Да, теперь она знала. И, стоя под солнцем на горячем цементе, она, казалось, размышляла над тем, что узнала. Однако размышляла она о другом. Потому что немного погодя она повернулась ко мне:

– Мальчик, скажи мне одну вещь.

– Какую?

– Мне очень важно это знать.

– Что?

– Когда… когда это произошло… когда ты пошел к Монти…

Вот оно. Я ждал этого. И среди зноя, стоя на горячем цементе, я вдруг похолодел, мои нервы съежились от холода.

– …он тогда… он… – Она смотрела в сторону.

– Попал в безвыходное положение и поэтому застрелился? Это ты хотела спросить? – сказал я.

Она кивнула и посмотрела мне в глаза, ожидая, что теперь будет. Я изучал ее лицо. Освещение было для него не выигрышное. Такое освещение уже никогда не будет для него выигрышным.

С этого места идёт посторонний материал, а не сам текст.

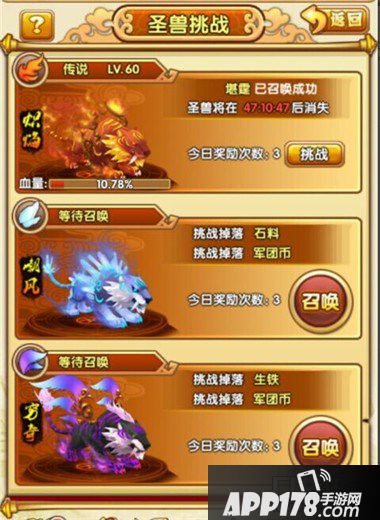 召唤出圣兽的主公,在圣兽被大家消灭后,可以通过邮箱收取圣兽礼包,获得丰厚奖励,而其他的军团成员,则可以通过去挑战被召唤出来的圣兽来获得奖励。记住,每天挑战前三次都可以获得奖励哦!

Но она держала голову высоко, смотрела мне в глаза и ждала.

– Нет, – сказал я, – у него не было никаких неприятностей. У нас вышел небольшой спор из-за политики. Ничего серьезного. Но он жаловался на здоровье. Говорил, что плохо себя чувствует. Вот в чем дело. Он сказал мне «прощай». Теперь я понимаю, что это означало. Больше ничего.

Она немного сникла. Больше не было нужды держаться так прямо.

– Это правда? – спросила она.

– Да, – ответил я. – Правда, клянусь богом.

– Ох, – тихо произнесла она с почти беззвучным вздохом.

Мы ждали поезда. Говорить было больше не о чем. Теперь, в последнюю минуту, она наконец спросила о том, о чем хотела спросить и боялась спросить все время.

Вскоре на горизонте показался дымок. Потом стало видно, что черный дымок двигается к нам вдоль кромки ясной воды. Потом со скрежетом и шипением, сотрясая почву, выбрасывая клубы пара, паровоз прокатился мимо нас и стал. Проводник в белом пиджаке начал собирать чистенькие сумки и чемоданы.

Мать повернулась ко мне и взяла меня за руку.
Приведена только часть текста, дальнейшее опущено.